Der Markt für Ladenlokale ist ich will nicht sagen tot, aber der hat es wirklich schwer und wird sich wahrscheinlich nur in den absoluten Topbereichen erholen. Es gibt kaum neue Brands. Die Unternehmen verdienen teilweise mittlerweile sehr viel mehr und einfacher Geld durch Onlinehandel. Aber was macht man mit den Immobilien? Sicherlich wird man an einigen Standorten für Wohnen umnutzen können, teilweise kommt vielleicht auch eine Nutzung im Bereich Public Office, also zum Beispiel für die örtliche Krankenkasse oder soziale Einrichtungen infrage. Das, was man hier machen muss, ist teilweise einfach die Mieten zu senken und auf hohe Sicherheiten zu verzichten. Also Unternehmertum ankurbeln. Wenn die Eigentümer nicht bereit sind, ihre Mieten dem Markt anzupassen, dann wird es sehr, sehr schwierig werden.

Wie ist das mit dem Thema der Überalterung der Gesellschaft, Pflege- und Seniorenimmobilien? Ist das eine Klasse mit hohen Renditen in Zukunft?

Also Investitionen in Pflege- und Seniorenimmobilien sind zumeist wirklich exzellente Investments, völlig richtig. Die Alterung der Bevölkerung ist in ganz Europa ein Wachstumstreiber für den Bereich. Und der größte Kunde ist der Staat. Der zahlt auch in Krisenzeiten. Die Investition ist also relativ sicher und stabil, allerdings sind die Renditen in den letzten Jahren konstant nach unten gegangen, liegen aber immer noch etwa ein Prozent höher als bei Büro- oder Logistikimmobilien.

Ja, die Renditen sind das eine. Es gibt aber auch eine gesellschaftliche Aufgabe. Passiert in Berlin genug? Wird investiert?

Also die Nachfrage ist in Berlin enorm. Die passenden Standorte zu finden, ist oftmals das Problem. Und natürlich, wenn Sie für eine leerstehende Büroimmobilie mehr als 15 000 Euro den Quadratmeter bezahlen, dann ist das für eine Pflegeimmobilie nicht darstellbar. Sie sind sehr standortsensibel, sollten verkehrsgünstig angeschlossen sein, idealerweise ist auch ein Park in der Nähe - und das ist auch richtig so.

Auweia, Pflegeimmobilien verlieren das Rennen gegen die Büroimmobilien. Braucht man eine Förderung durch den Staat oder wie könnte es gehen?
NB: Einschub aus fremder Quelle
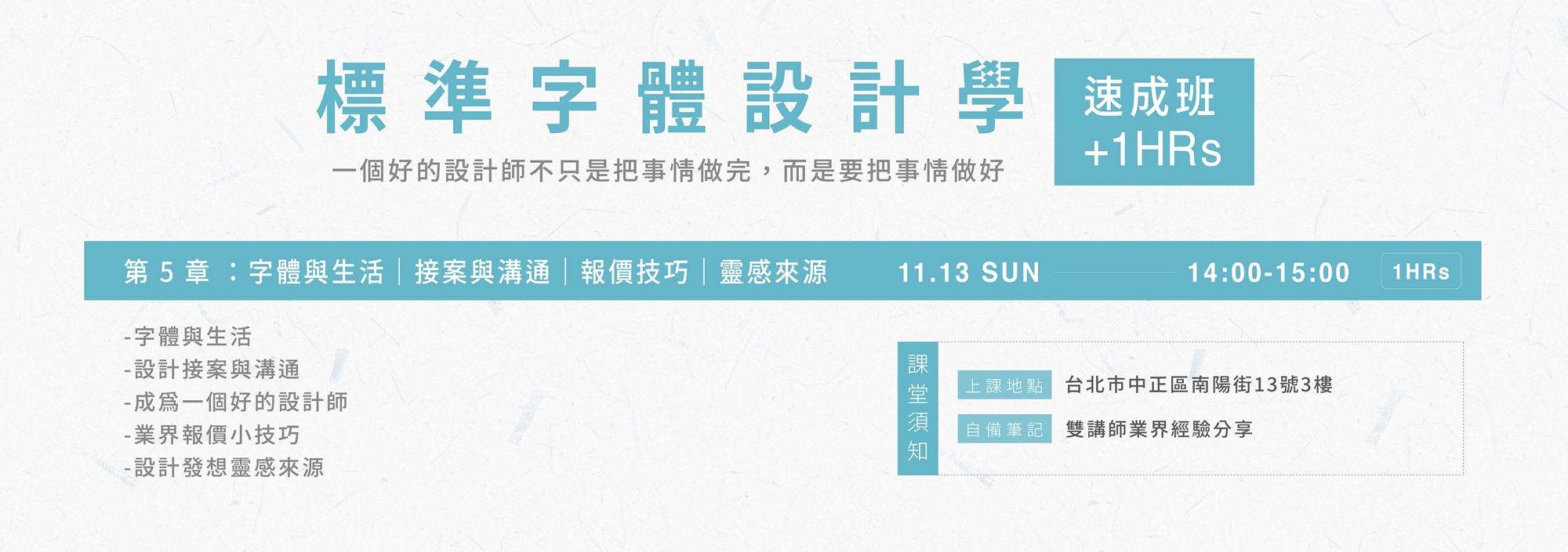 - 2022.11.12 Sat / 14:00~21:00(授課6HRs+ 休息時間1HR)
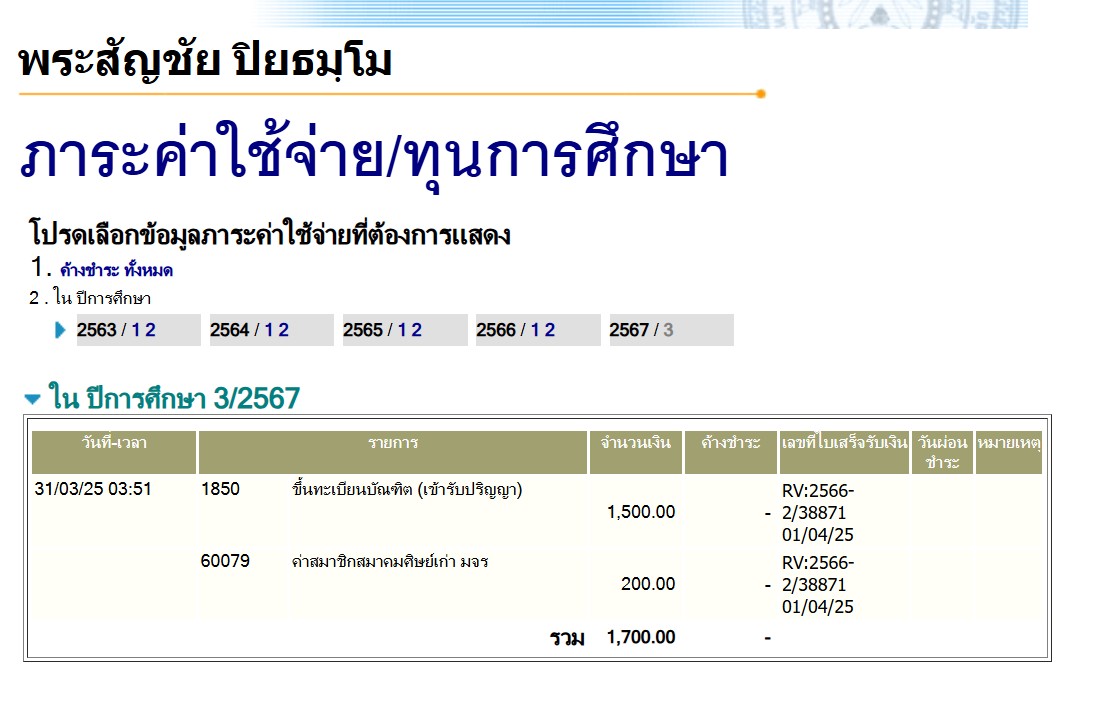 | สถานะเข้าพิธีประสาทปริญญา : บรรพชิต | ระดับ : ปริญญาตรี | สังกัดคณะ: คณะพุทธศาสตร์ | สาขาวิชา: พระพุทธศาสนา |

Na ja, ich weiß nicht, ob das aber bei einer Grundstücksakquisition hilfreich ist. Ich glaube, es ist das ist das gleiche Thema wie das, was wir im Moment im Wohnbereich haben. Besonders in den letzten zwei Jahren haben sich Investoren und Projektentwickler großflächig dem teilweise exzellent erschlossenen Speckgürtel und dem Umland in Brandenburg gewidmet. Wenn Sie aus Nauen innerhalb von 21 Minuten mit der Regionalbahn am Hauptbahnhof sind, dann sind solche Distanzen in München, Frankfurt oder in Hamburg überhaupt kein Thema. Ich denke, wenn man sich tatsächlich immer noch auf dem Kurfürstendamm oder die Französische Straße konzentriert, wird man solche Immobilien im Zweifel eben nicht nur in Berlin finden, sondern eben in gut angeschlossenen Standorten um Berlin herum - in Brandenburg.
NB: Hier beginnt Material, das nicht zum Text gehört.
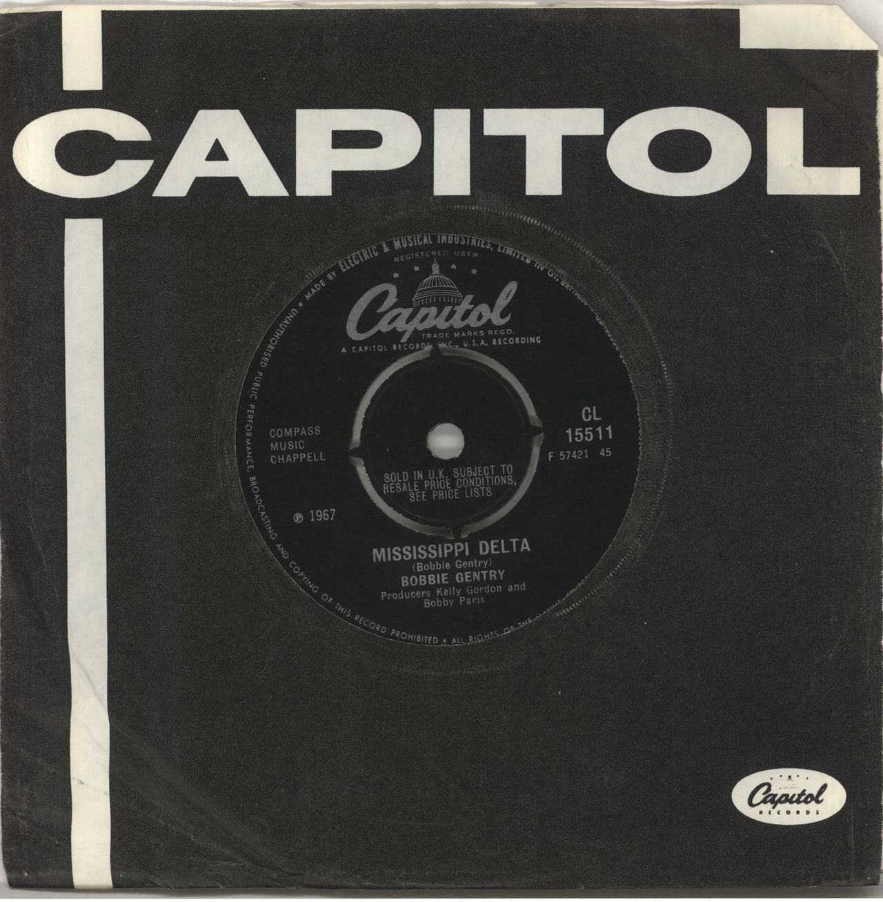 BOBBIE GENTRY Ode To Bille Joe (1967 UK 7" vinyl single with intact four prong centre, also featuring Mississippi Delta, Capitol die-cut paper sleeve CL15511)

Eine interessante Perspektive. In Berlin - Gott sei Dank werden Sie sagen - gibt es keine Gewerbeimmobilien-Mietpreisbremse. Wie attraktiv ist denn der Markt für internationale Investoren?

Nach den USA und Großbritannien ist Deutschland der mit Abstand attraktivste internationale Markt. Aktuell liegt der Fokus nach wie vor auf Büro, Wohnen und Logistik mit Tickets ab ungefähr 100 Millionen Euro aufwärts. Aber ganz klar: Auch aufgrund der Sprachthematik ist der erste Standort, den internationale Unternehmen in Europa erschließen, immer UK, dann folgt Paris und dann auch Deutschland.